For the `run_on_dataset` sessions
---
 langchain/client/runner_utils.py             | 4 +++-
 poetry.lock                                  | 8 ++++----
 pyproject.toml                               | 2 +-
 tests/unit_tests/client/test_runner_utils.py | 5 +++++
 4 files changed, 13 insertions(+), 6 deletions(-)

diff --git a/langchain/client/runner_utils.py b/langchain/client/runner_utils.py
index bb295f39..99066ea6 100644
--- a/langchain/client/runner_utils.py
+++ b/langchain/client/runner_utils.py
@@ -278,7 +278,7 @@ async def arun_on_examples(
     results: Dict[str, List[Any]] = {}
 
     async def process_example(
-        example: Example, tracer: LangChainTracer, job_state: dict
+        example: Example, tracer: Optional[LangChainTracer], job_state: dict
     ) -> None:
         """Process a single example."""
         result = await _arun_llm_or_chain(
@@ -466,6 +466,7 @@ async def arun_on_dataset(
     """
     client_ = client or LangChainPlusClient()
     session_name = _get_session_name(session_name, llm_or_chain_factory, dataset_name)
+    client_.create_session(session_name, mode="eval")
     dataset = client_.read_dataset(dataset_name=dataset_name)

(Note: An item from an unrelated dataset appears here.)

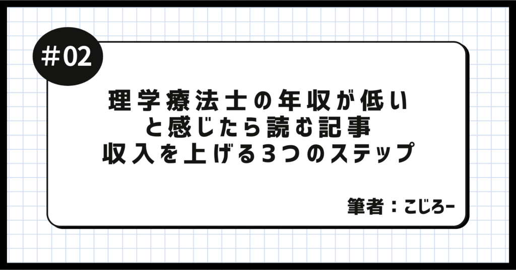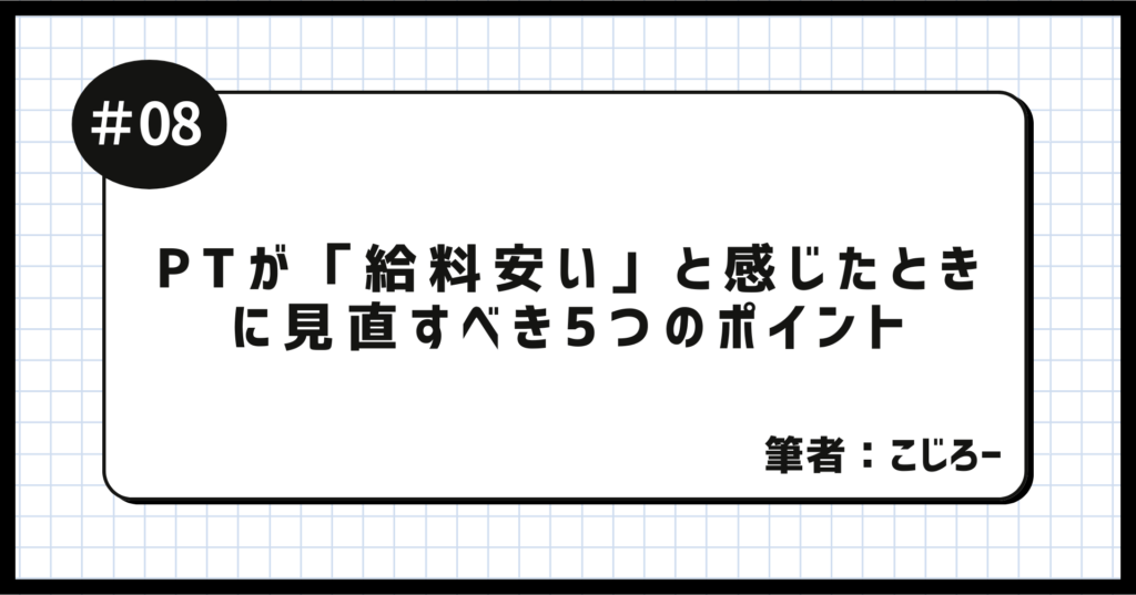 こんにちは! 理学療法士10年目のこじろーです。 前回記事では、 という記事を書きました。 今日は「PTの給料、正直しんどい…」と感じているあなたに、ぜひ読んでほしい記事です。 ぼく自身も新人のころからずっと「こんなに頑張っているのに、なんで?」... -

     examples = client_.list_examples(dataset_id=str(dataset.id))
 
@@ -517,6 +518,7 @@ def run_on_dataset(
     """
     client_ = client or LangChainPlusClient()
     session_name = _get_session_name(session_name, llm_or_chain_factory, dataset_name)
+    client_.create_session(session_name, mode="eval")
     dataset = client_.read_dataset(dataset_name=dataset_name)
     examples = client_.list_examples(dataset_id=str(dataset.id))
     results = run_on_examples(
diff --git a/poetry.lock b/poetry.lock
index 826cb88d..729f4001 100644
--- a/poetry.lock
+++ b/poetry.lock
@@ -3845,13 +3845,13 @@ tests = ["doctest", "pytest", "pytest-mock"]
 
 [[package]]
 name = "langchainplus-sdk"
-version = "0.0.10"
+version = "0.0.15"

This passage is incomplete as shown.